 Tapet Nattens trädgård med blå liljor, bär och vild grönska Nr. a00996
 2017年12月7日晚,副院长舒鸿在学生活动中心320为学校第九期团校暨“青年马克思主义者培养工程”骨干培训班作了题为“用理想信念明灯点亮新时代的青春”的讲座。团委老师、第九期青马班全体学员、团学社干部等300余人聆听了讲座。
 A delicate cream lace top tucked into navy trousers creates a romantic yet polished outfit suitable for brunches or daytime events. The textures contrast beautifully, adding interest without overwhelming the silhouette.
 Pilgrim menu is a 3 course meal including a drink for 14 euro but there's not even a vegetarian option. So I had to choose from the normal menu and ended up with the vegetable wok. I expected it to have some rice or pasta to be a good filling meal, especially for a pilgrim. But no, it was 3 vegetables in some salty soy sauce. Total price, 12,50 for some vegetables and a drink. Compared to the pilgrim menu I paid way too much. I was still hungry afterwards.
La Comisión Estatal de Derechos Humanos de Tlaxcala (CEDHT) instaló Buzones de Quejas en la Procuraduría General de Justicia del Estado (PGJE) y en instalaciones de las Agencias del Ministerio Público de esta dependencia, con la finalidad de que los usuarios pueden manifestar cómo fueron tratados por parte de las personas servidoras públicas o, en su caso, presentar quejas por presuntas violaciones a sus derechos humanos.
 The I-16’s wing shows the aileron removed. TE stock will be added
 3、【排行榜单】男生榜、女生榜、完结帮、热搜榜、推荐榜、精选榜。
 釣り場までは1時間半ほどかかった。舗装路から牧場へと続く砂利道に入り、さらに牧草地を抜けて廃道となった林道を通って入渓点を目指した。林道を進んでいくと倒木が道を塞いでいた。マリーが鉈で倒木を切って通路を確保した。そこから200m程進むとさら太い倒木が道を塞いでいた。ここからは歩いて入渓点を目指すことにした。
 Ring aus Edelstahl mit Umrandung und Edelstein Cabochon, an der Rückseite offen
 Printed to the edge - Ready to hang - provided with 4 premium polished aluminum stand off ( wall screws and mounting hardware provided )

━━━━━━

▶ [INSTRUCTIONS FOR THE TASK]:
Using the material above, transcribe exactly the lines from the line with "La Comisión Estatal" to the line with "3、【排行榜单】男生榜、女生榜、完结帮、热搜榜、推荐榜、精选榜。"; both count, and nothing else goes in.

▶ [SOLUTION]:
La Comisión Estatal de Derechos Humanos de Tlaxcala (CEDHT) instaló Buzones de Quejas en la Procuraduría General de Justicia del Estado (PGJE) y en instalaciones de las Agencias del Ministerio Público de esta dependencia, con la finalidad de que los usuarios pueden manifestar cómo fueron tratados por parte de las personas servidoras públicas o, en su caso, presentar quejas por presuntas violaciones a sus derechos humanos.
 The I-16’s wing shows the aileron removed. TE stock will be added
 3、【排行榜单】男生榜、女生榜、完结帮、热搜榜、推荐榜、精选榜。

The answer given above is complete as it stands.